Unmatched MEROPS families
There are 224 MEROPS families and subfamilies that have no PANTHER equivalent. Some of these will not appear in PANTHER, because: (i) the family has not been built yet; (ii) they are exclusively from viruses and PANTHER does not include any viruses in its set of reference organisms (80 MEROPS families and subfamilies); (iii) PANTHER requires five sequences to build a family and there are 34 MEROPS families and subfamilies that contain less than five sequences (of which 18 are peptidase inhibitors and 13 are exclusively from viruses). Thus, 123 MEROPS families and subfamilies could be included in PANTHER. The largest of these with 13 578 sequences is C40 (dipeptidyl-peptidase 6), which is predominantly bacterial but with some eukaryote sequences. This family includes 447 sequences from model organisms in the PANTHER set. Families such as C40 have not yet been built by the PANTHER team, and we are currently exchanging the data necessary to add them.
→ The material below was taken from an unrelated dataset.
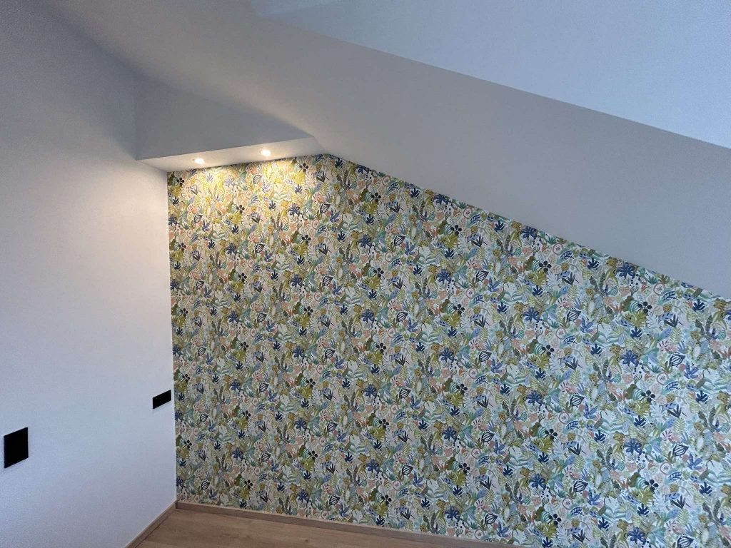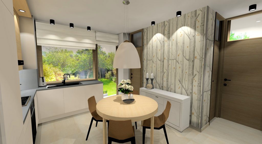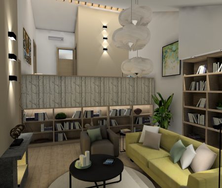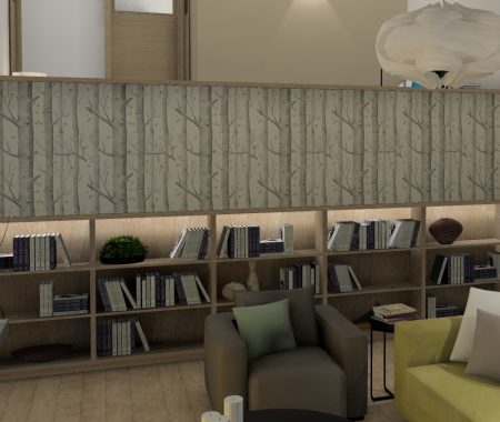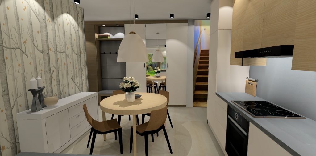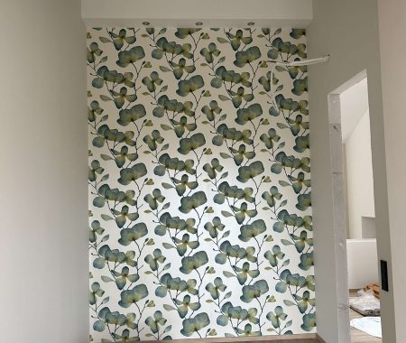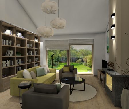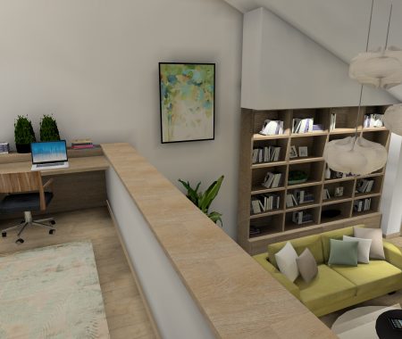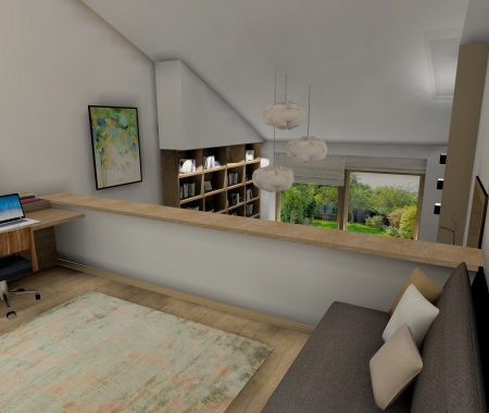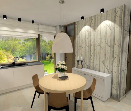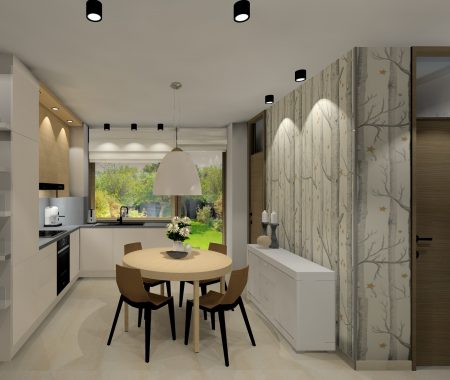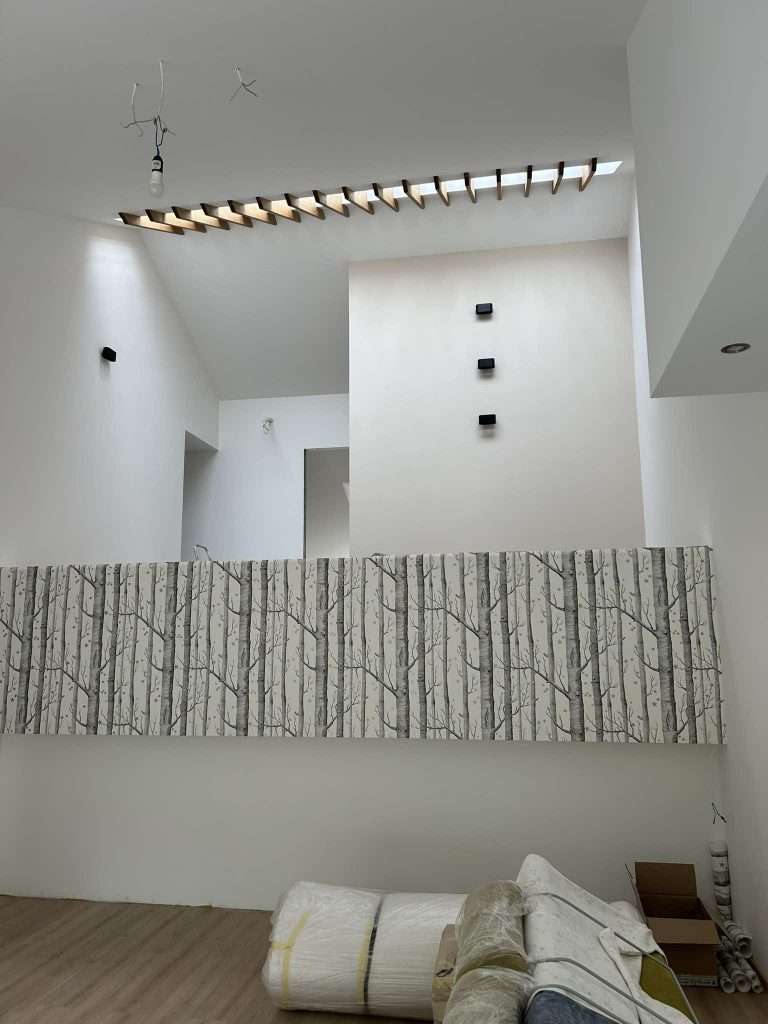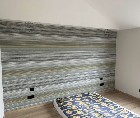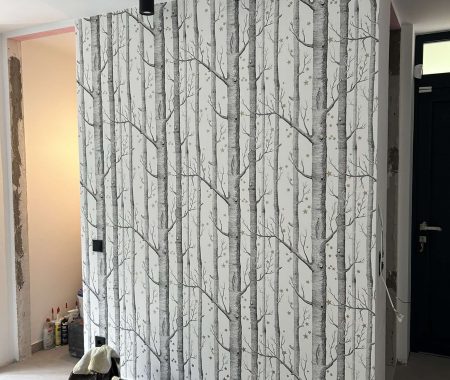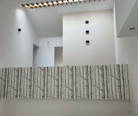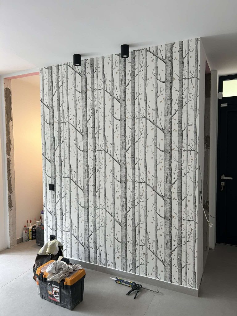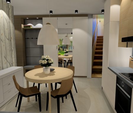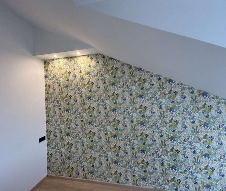 Rózsadomb tetején egy 70-es években épült belső kétszintes sorházi lakás tervezése volt a feladat egy házaspárnak, két kislánnyal. A skandináv stílust választották, halvány zöldekkel, natúr fával és fekete kiegészítőkkel. A fő motívum a Fornasetti egyik legismertebb mintájú tapétája volt; a Woods, melyen apró arany csillagok is láthatóak. Szépen egészítette ki a skandináv fekete-fehér motívumokat.

This emphasizes the advantages of the collaboration between a generalist database such as PANTHER and a specialist database such as MEROPS.
Cross-references at the subfamily level
It has been possible to establish cross-links between a MEROPS identifier and a PANTHER subfamily for 2,925 identifiers out of the 4924 for which holotype sequences have been defined, or 59.4%. There are 1744 MEROPS identifiers representing characterized peptidases and inhibitors that do not match a PANTHER subfamily. Of these, 188 are from viruses, and a further 1196 are from organisms not in the PANTHER set. There are 897 MEROPS identifiers which are each assigned to less than five sequences, and are below the threshold for creating a subfamily in PANTHER. The species with most MEROPS holotypes not in PANTHER are shown in Table 4. For plants such as barley and potato, parasites such as Ancylostoma caninum, and the crayfish, most of the MEROPS holotypes missing from PANTHER are peptidase inhibitors; for snakes such as Bothrops jararaca and Gloydius halys the missing holotypes are mostly peptidases from their venoms. At the time of writing, no venomous snake has had its genome completely sequenced, and parasite genomes and proteomes are frequently omitted from analyses because they are assumed to be degenerate. Although there is convenience, particularly in reducing computer time and overheads for analysis, in using restricted sets of organisms, there is an inherent danger that important biological aspects will be overlooked, so knowing the sources from which most proteins have been characterized will help with expanding the set of reference organisms in PANTHER.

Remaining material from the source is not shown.